Gaia: The Diary of Climate Change
Episode 3

I picture Earth, a drop of water suspended in space. I think of the wars, the confrontations, the unwillingness to consider peace first. I think about the diversity — the unimaginable beauty and fragility of life. I do not have enough body, enough liver, enough gall bladder to protect this place. I tried with all my hubris, stupidity, and amnesia to do the best that I can and my best is not good enough. I miss my children. A million howls are trapped between the synapses of my brain.
God is fucking with me. He’s always doing that. In every life, I have to prove that I love him the most and only him; that my loyalty to him is supreme and nothing can come between us. This razor’s edge of commitment is what changes the world.
I remember my partner. I remember our last day together in Japan, not the Japan of this planet. It was another Japan, where culture superseded biological features, at the edge of space-time. I begged him not to do it. We meditated together. He waited for me to fall asleep when he crept out of the house with a box. It was just a box with a button. He took it to a cliff nearby and reset the world embedding himself in the texture of all material.
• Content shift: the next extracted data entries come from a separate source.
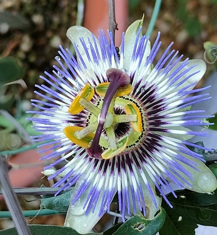 「時計草」?生命力が強く、育ちすぎるので植えるのには適さないそうです。でも我が家では雨の毎日、日替わりで「時計」(そっくり)が開きます。これが又愛おしいのです。しばらくの間たのしませてくれそうです。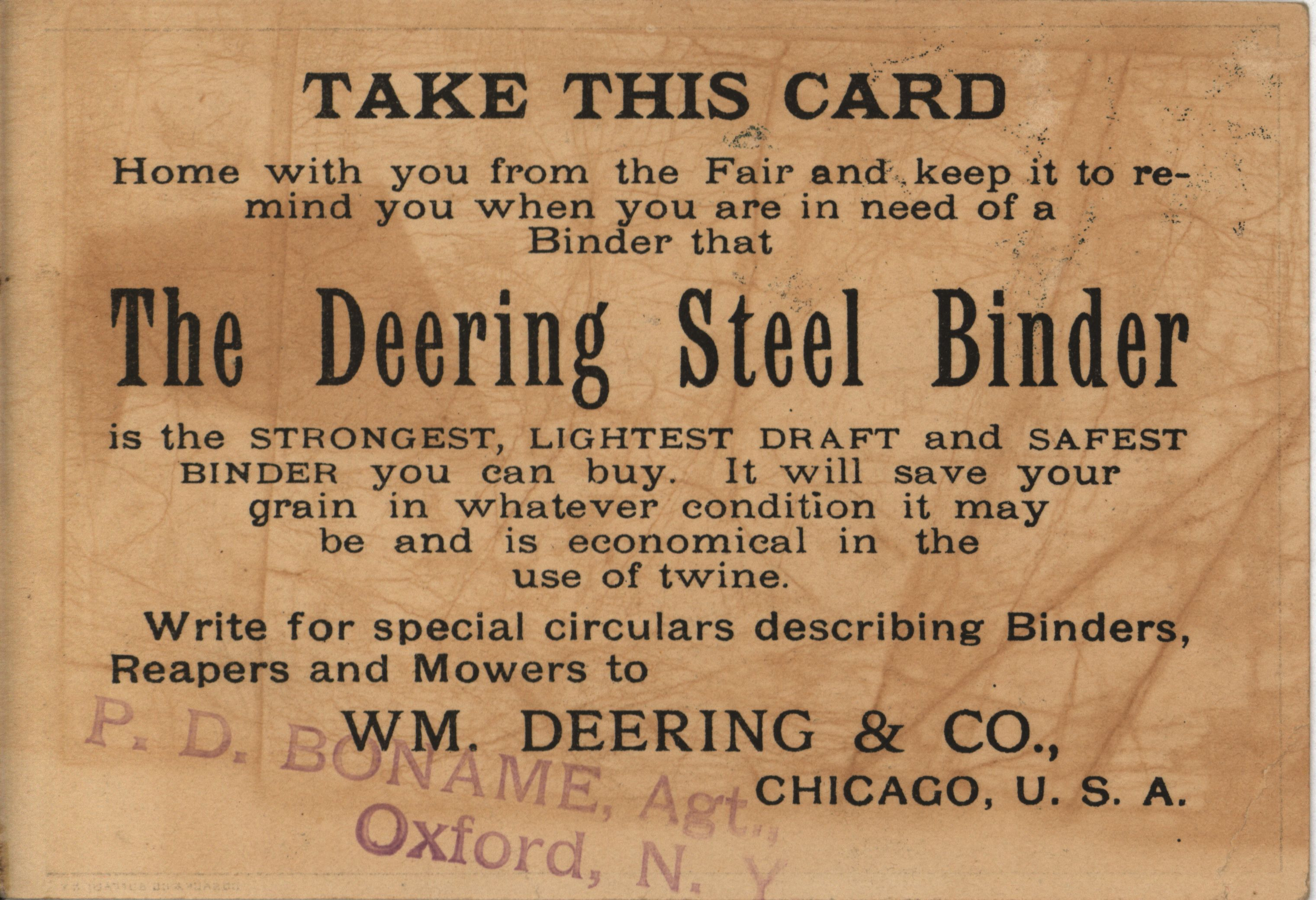- "WM. Deering and Company Deering Steel Binder advertisement card", Agricultural Machinery Literature Collection, Iowa State University Library Digital Collections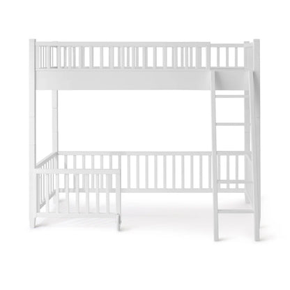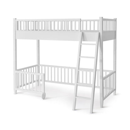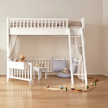 - Leveres som: legeseng, baldakinramme (uden tekstil), faldsikring, stige og drejelåge (kan monteres på begge sider)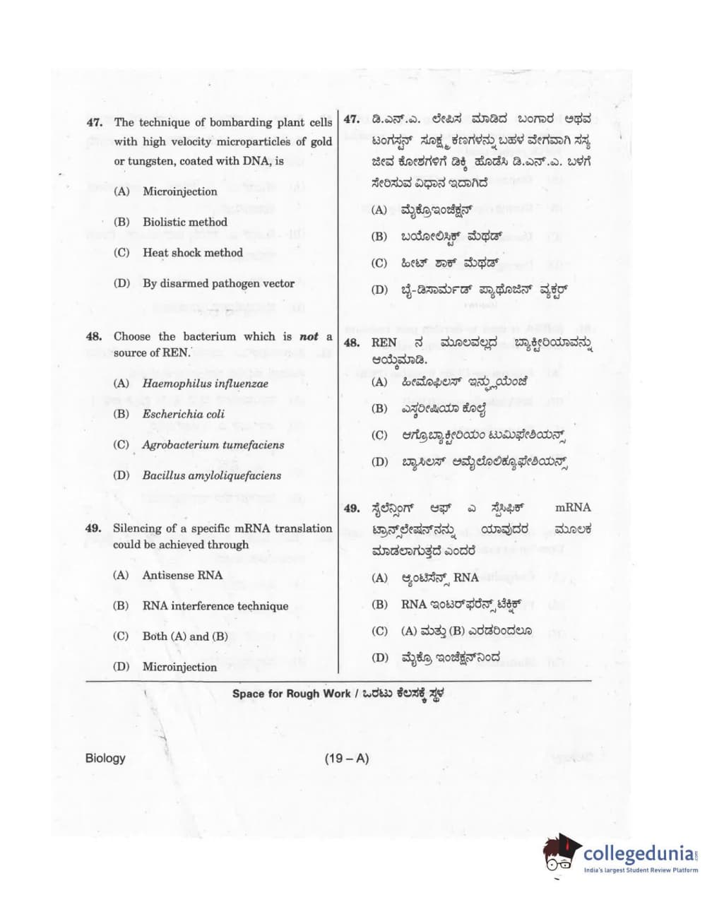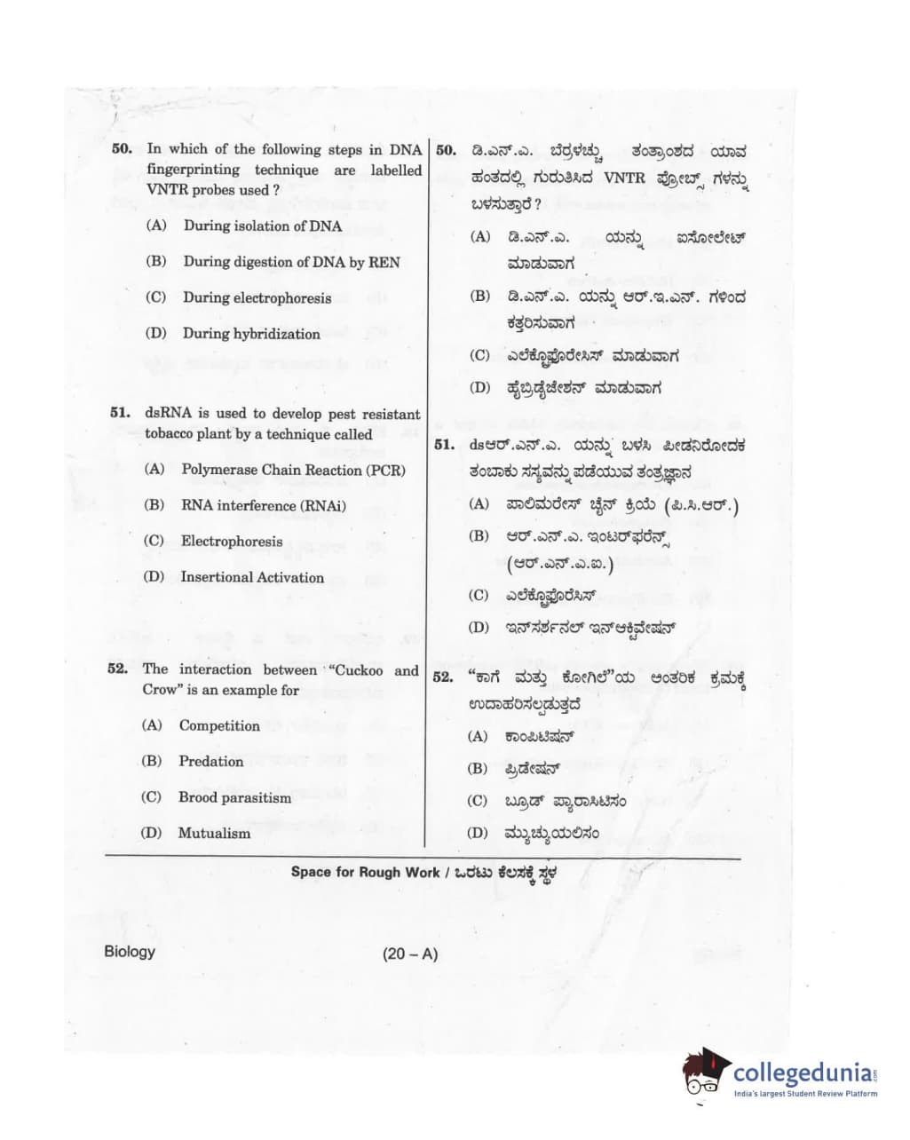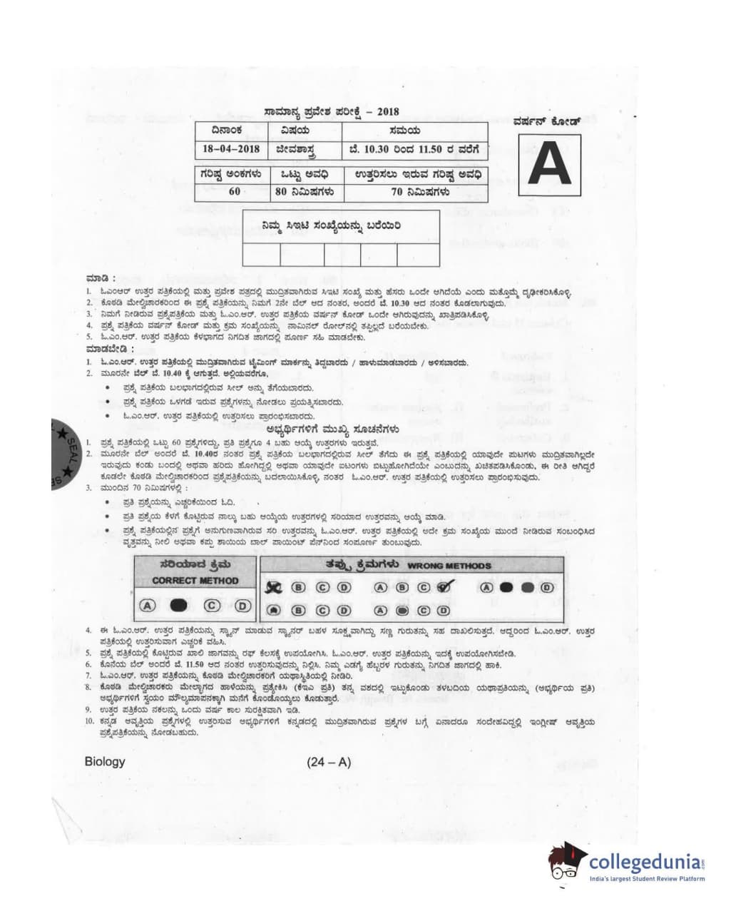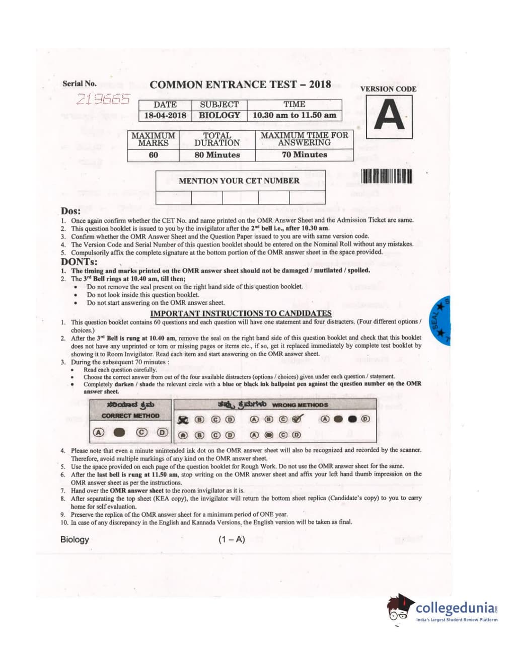KCET 2018 Biology Question paper with answer key pdf conducted on April 18, 2018 in Morning Session 10:30 AM to 11:50 AM for A is available for download. The exam was successfully organized by Karnataka Examinations Authority (KEA). In terms of difficulty level, KCET was of Moderate level. The question paper comprised a total of 60 questions.

What existed before he pushed the button? It was always him. There was no space-time without him. This is what I don’t understand with this mind. It was dawn. I walked out of our house made of paper and wood. The golden light reflected on the tall grass. I knew he was gone but near, ever near, and that this was the beginning of an endless game.
To love him is to love all of existence and the inherent agency of life and matter; never selling out. Many attempts have been made to make me forget him and our promise. When they took my children from me, I almost gave in. When they moved my children to another city I was told that I endanger my children by not accepting the current political conditions. Am I supposed to acknowledge Biden as the President of the United States? What does it matter what I think? I am willing to give up political commentary but I cannot give up my commitment to life, liberty — my silsila with God that is a promise to humanity and to Earth.
The hardest part is not being able to hold him. That’s why I asked him not to do it. For infinity, I am condemned to feel his presence and never be able to touch him.
A point in my heart locks into the cosmos like a key. Galaxies churn. The stars, all of existence, space-time compresses down into this feeling that I can no longer tolerate the separation. At night the planets and I remember him. We dance in spirals in honor of him; beloved. Beloved, lost to me in particles. So far is he. So lost to me. I cannot forgive him for sacrificing us. Living without him, I’ve turned to stone. Here I am, with wings spread across a stone body. I feel that I am blind. Blind spots surround me. I wait at the edge of the world with languages and music. There at the edge, he is light. Whoever thought light could be so wild. We are wild. Unfolding in the magnificence of the multiverse. I feel the presence of stars in his breath. I melt away among the stars. When I am born again, I will search for him. This is our game and through this game, life endures.